Right-handers Ethan Miller (4-3, 3.76 ERA) and Justin Hepner (1-1, 3.82 ERA) are the key middle relievers who will be called upon to build the bridge between the starters and freshman closer Bubba Derby (3-3, 3.82 ERA, 10 SV). Derby emerged during the season-opening sweep of cross-town rival USD, saving two of the three games in the series. He is mature beyond his years, goes right after hitters and is among the nation's top young closers.
4. The Aztecs also lead the MWC in team fielding percentage, so are there any defensive wizards worth watching?
Three players stand out on defense, catcher Jake Romanski, shortstop Evan Potter and center fielder Greg Allen. Romanski calls a good game, blocks the ball well and he has a strong arm and quick release, which is the primary reason opponents attempted only 77 stolen bases this season and were successful only 39 times (roughly 50 percent).
Potter displays a range and knack for getting to the ball that had many players shaking their heads on the way back to the dugout after he made a play to prevent a hit and/or save a run. Allen, the team's best all-around player, uses his speed to cover a tremendous amount of ground in center. He is equally adept going to the wall to make a grab or running in for a diving catch.
5. On the flip side, what will the offense have to do to keep up with the likes of UNLV and New Mexico? Does the lineup have any particular strengths or weaknesses?
As mentioned above, the offense has been the biggest reason for the team's .500 season. The players batted a collective .264 and produced five runs a game. Most critical was the lack of timely hits, especially in some early-season pitching duels where one hit may have made the difference between winning and losing.
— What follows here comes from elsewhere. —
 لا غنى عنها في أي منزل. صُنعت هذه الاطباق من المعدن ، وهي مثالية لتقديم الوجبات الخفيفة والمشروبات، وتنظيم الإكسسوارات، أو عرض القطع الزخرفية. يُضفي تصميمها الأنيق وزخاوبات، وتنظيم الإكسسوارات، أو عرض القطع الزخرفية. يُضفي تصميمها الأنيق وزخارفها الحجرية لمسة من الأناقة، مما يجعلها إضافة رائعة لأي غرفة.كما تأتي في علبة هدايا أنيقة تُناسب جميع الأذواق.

The team scored three runs or fewer its first 11 losses and 22 of 28 losses overall. The offense did have its moments and, if it gets hot this week, could take the team to the tournament title. There is not a lot of power (just 13 home runs), but good speed (79 stolen bases). Key hitters in the lineup are second baseman Tim Zier (.333, 37 RBI, 14 SB), first baseman Ryan Muno (.321, 4 HR, 39 RBI), Romanski (.316, 27 RBI), Allen (.283, ), third baseman Ty France (.263, 3 HR, 27 RBI) and DH/catcher Brad Haynal (.236, 3 HR, 24 RBI).